Réduire les formalités : un pari risqué pour la réussite des entrepreneurs
L’idée d’un permis d’entreprendre va clairement à l’encontre des tendances définies par le législateur ces dernières années visant à réduire les exigences liées à la création d’entreprise. Le paradoxe est cependant évident entre la faible préparation à l’entrepreneuriat et l’ampleur des contraintes administratives et financières connues par le chef d’entreprise dans son quotidien.
Parmi les incongruités, on pensera notamment à l’abandon par la loi Pacte de 2019 de l’obligation de suivi des stages de préparation à l’installation (SPI) pour les créateurs ou repreneurs dans le champ de l’artisanat. À défaut de compétences approfondies, ils présentaient le mérite, avec une trentaine d’heures réparties sur 4 ou 5 jours, d’une première sensibilisation à la gestion. Les formations facultatives sont d’ailleurs généralement peu suivies, les entrepreneurs préférant consacrer leur énergie au développement et à l’installation plutôt qu’à construire des fondations solides. Il en va ainsi de « 5 jours pour entreprendre », proposée par les CCI, dont le succès reste mitigé pour des entrepreneurs, pressés de lancer leur activité, mais confondant parfois vitesse et précipitation.
Si de telles simplifications ont pu sembler politiquement opportunes, elles n’obèrent pas pour autant l’inévitable question du manque de compétences de certains chefs d’entreprise.
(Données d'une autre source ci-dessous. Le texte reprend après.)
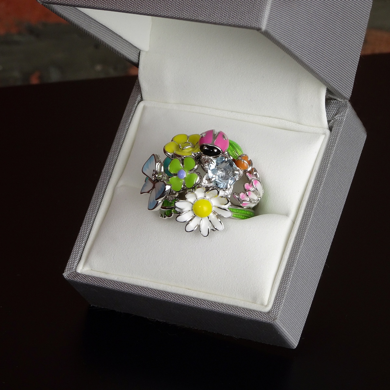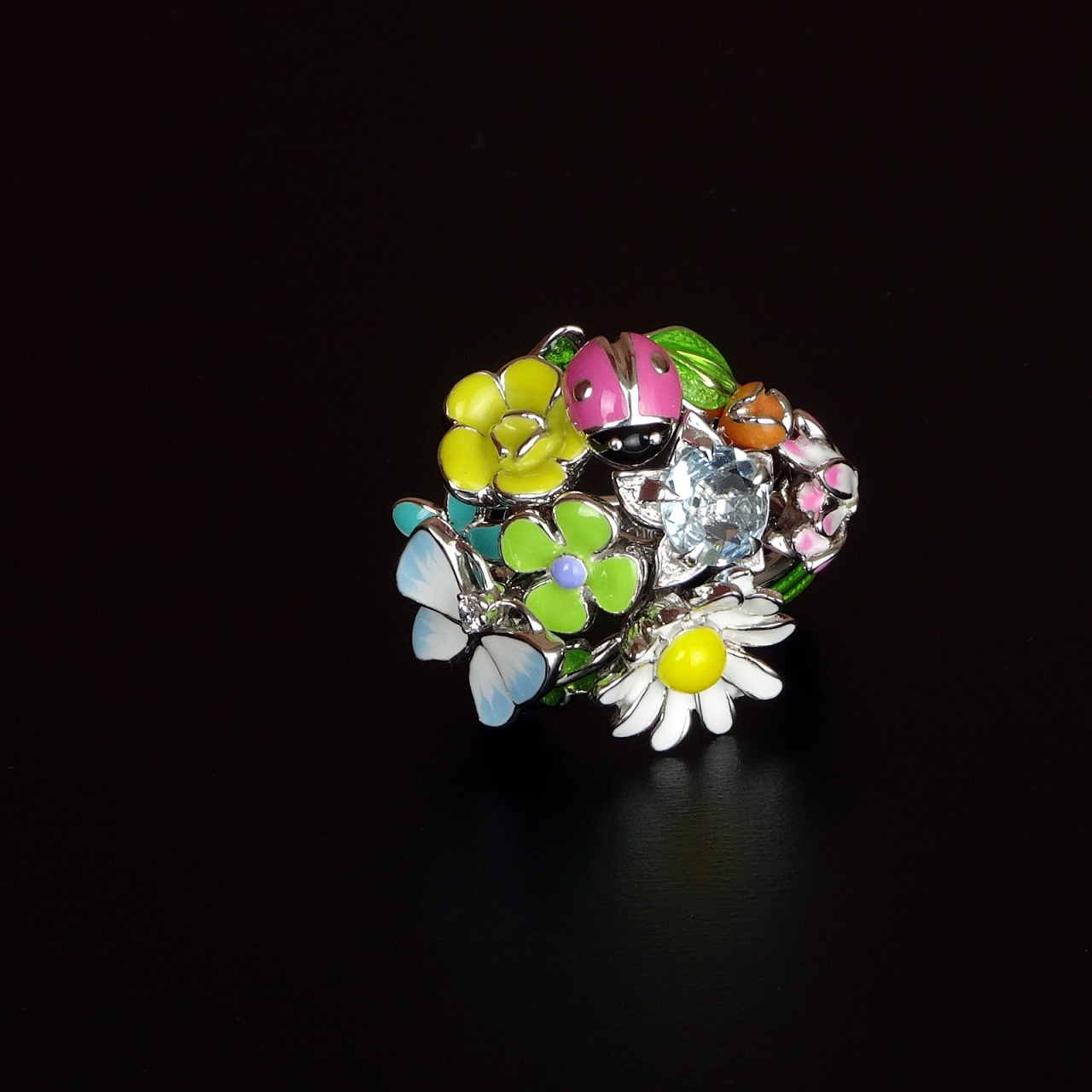 Белое золото, ручная эмаль, драгоценные камни - бриллиант, аквамарин.

L’entrepreneuriat à la française : liberté sous condition ?
Bien que l’un des principes fondamentaux de l’entrepreneuriat repose sur l’apprentissage par l’expérience (le fameux « test and learn »), l’idée d’un permis d’entreprendre apparaît aujourd’hui, paradoxalement, incontournable à bien des égards. Tout d’abord, on pourra arguer qu’un tel projet tient à la singularité française, où la liberté entrepreneuriale s’affronte aux charges administratives parmi les plus lourdes au monde, rendant l’exercice du métier particulièrement difficile sur le plan de la gestion.
Ensuite, un tel sujet s’inscrit aussi sur le plan des valeurs, en cohérence avec la posture générale d’un interventionnisme étatique dont l’action ne peut se limiter à un libéralisme dévergondé pour les entreprises, là où les particuliers sont soutenus par un État providence parmi les plus redistributifs au monde.
Toujours dans cette veine, l’idée qu’un permis d’entreprendre, pourrait « protéger » les entrepreneurs des conséquences de leurs propres choix apparaît particulièrement compatible avec un esprit entrepreneurial à la française où l’aversion au risque reste parmi les plus élevées des pays de la triade. Enfin, la création d’un permis d’entreprendre constitue aujourd’hui un acte de responsabilité économique pour accompagner les territoires et conjurer un darwinisme économique, où seuls les mieux formés survivent, souvent au prix de lourds coûts psychologiques et sociaux.
La création d’un permis d’entreprendre constitue aujourd’hui un acte de responsabilité économique
Tribunaux de commerce, experts-comptables et chambres consulaires, l’ensemble des acteurs économiques des territoires et leurs représentants s’allient aujourd’hui pour défendre un permis d’entreprendre et plus généralement soutenir l’activité économique. Logement, agriculture, commerce, restauration, des secteurs entiers sont menacés et ont besoin plus que jamais de compétences en gestion.